── Dataset content

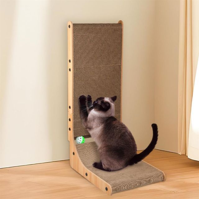 【革新的なL字型デザイン】壁やソファに立てかけて使用可能。家具を保護しながら、猫ちゃんの爪研ぎ欲求を満たします広いひっかき面積で、猫ちゃんがさまざまな姿勢で快適に爪研ぎできる設計です。
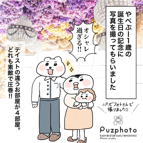 今回は🦁やぺぶーの1歳記念にバースデーフォトを撮りに行った漫画です📸
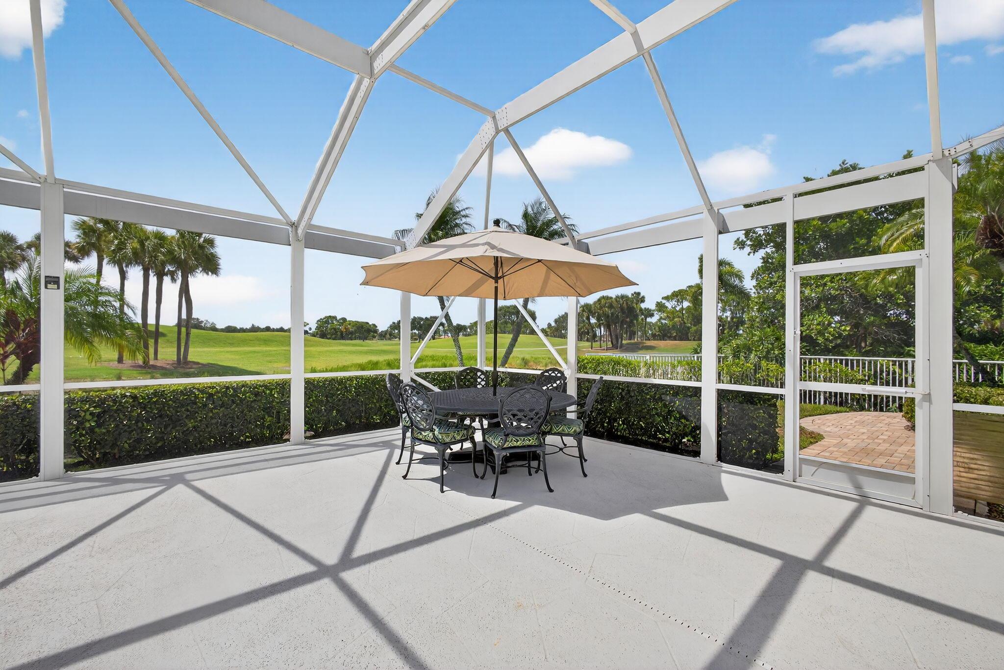 Spend the winter season in this beautifully appointed, clean, & bright home located in the desirable gated community of Augusta Pointe in PGA National. Overlooking the famed Champion Course where the Cognizant Classic is played, you can watch players walk from the 17th green to the 18th tee right from your patio. The property features a large heated pool, perfect for laps, & a spacious screened-in patio with oversized awnings for shade--ideal for entertaining or relaxing, Impact Windows & Doors, & a full house gas generator. Inside, the home is tastefully furnished, comfortable, and move-in ready, offering everything needed to enjoy Florida's warm winter weather & beautiful sunsets. Augusta Pointe combines a prime, location with the luxury lifestyle of PGA National.

────

**Exercise details**: An exact copy of the material above is required, minus its images.

**Response box**:
 【革新的なL字型デザイン】壁やソファに立てかけて使用可能。家具を保護しながら、猫ちゃんの爪研ぎ欲求を満たします広いひっかき面積で、猫ちゃんがさまざまな姿勢で快適に爪研ぎできる設計です。
 今回は🦁やぺぶーの1歳記念にバースデーフォトを撮りに行った漫画です📸
 Spend the winter season in this beautifully appointed, clean, & bright home located in the desirable gated community of Augusta Pointe in PGA National. Overlooking the famed Champion Course where the Cognizant Classic is played, you can watch players walk from the 17th green to the 18th tee right from your patio. The property features a large heated pool, perfect for laps, & a spacious screened-in patio with oversized awnings for shade--ideal for entertaining or relaxing, Impact Windows & Doors, & a full house gas generator. Inside, the home is tastefully furnished, comfortable, and move-in ready, offering everything needed to enjoy Florida's warm winter weather & beautiful sunsets. Augusta Pointe combines a prime, location with the luxury lifestyle of PGA National.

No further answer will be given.